SIERRA is based in the Laboratoire d'Informatique de l'École Normale Superiéure (CNRS/ENS/INRIA UMR 8548) and is a joint research team between INRIA Rocquencourt, École Normale Supérieure de Paris and Centre National de la Recherche Scientifique.

**Machine learning** is a recent scientific domain, positioned between applied mathematics, statistics and computer science. Its goals are the optimization, control, and modelisation of complex systems from examples. It applies to data from numerous engineering and scientific fields (e.g., vision, bioinformatics, neuroscience, audio processing, text processing, economy, finance, etc.), the ultimate goal being to derive general theories and algorithms allowing advances in each of these domains. Machine learning is characterized by the high quality and quantity of the exchanges between theory, algorithms and applications: interesting theoretical problems almost always emerge from applications, while theoretical analysis allows the understanding of why and when popular or successful algorithms do or do not work, and leads to proposing significant improvements.

Our academic positioning is exactly at the intersection between these three aspects---algorithms, theory and applications---and our main research goal is to make the link between theory and algorithms, and between algorithms and high-impact applications in various engineering and scientific fields, in particular computer vision, bioinformatics, audio processing, text processing and neuro-imaging.

Machine learning is now a vast field of research and the team focuses on the following aspects: supervised learning (kernel methods, calibration), unsupervised learning (matrix factorization, statistical tests), parsimony (structured sparsity, theory and algorithms), and optimization (convex optimization, bandit learning). These four research axes are strongly interdependent, and the interplay between them is key to successful practical applications.

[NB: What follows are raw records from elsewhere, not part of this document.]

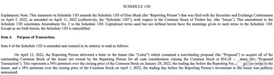 要知道,这一收购价格,比4月1日马斯克正式投资时的股价,高出38%;比他开始投资推特前一天的股价,高出54%。
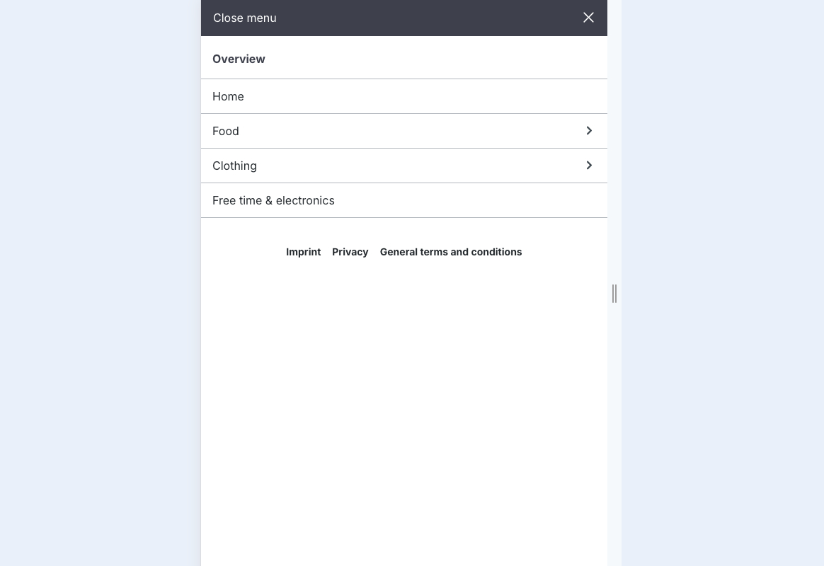If necessary, the menu can be displayed in the smartphone view in full width and the font size of the close button can be adjusted.
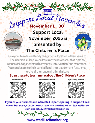For full details on all the new exciting features of GWCC's Support Local November, email contact@wasillachamber.org.
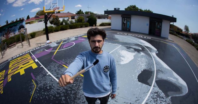 O artista OATS é um jovem de Cascais e já tem no seu currículo 4 outros trabalhos feitos no âmbito da medida da FPB 3×3 BASKETART.
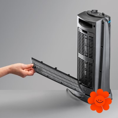 Der Heizlüfter kann einfach demontiert werden, was den einfachen Zugang zum Luftfilter ermöglicht, den sie einfach putzen können.

We follow four main research directions:

**Supervised learning:**

This part of our research focuses on methods where, given a set of examples of input/output pairs, the goal is to predict the output for a new input, with research on kernel methods, calibration methods, structured prediction, and multi-task learning.**Unsupervised learning:**

We focus here on methods where no output is given and the goal is to find structure of certain known types (e.g., discrete or low-dimensional) in the data, with a focus on matrix factorization, statistical tests, dimension reduction, and semi-supervised learning.**Parsimony:**

The concept of parsimony is central to many areas of science. In the context of statistical machine learning, this takes the form of variable or feature selection. The team focuses primarily on structured sparsity, with theoretical and algorithmic contributions.**Optimization:**

Optimization in all its forms is central to machine learning, as many of its theoretical frameworks are based at least in part on empirical risk minimization. The team focuses primarily on convex and bandit optimization.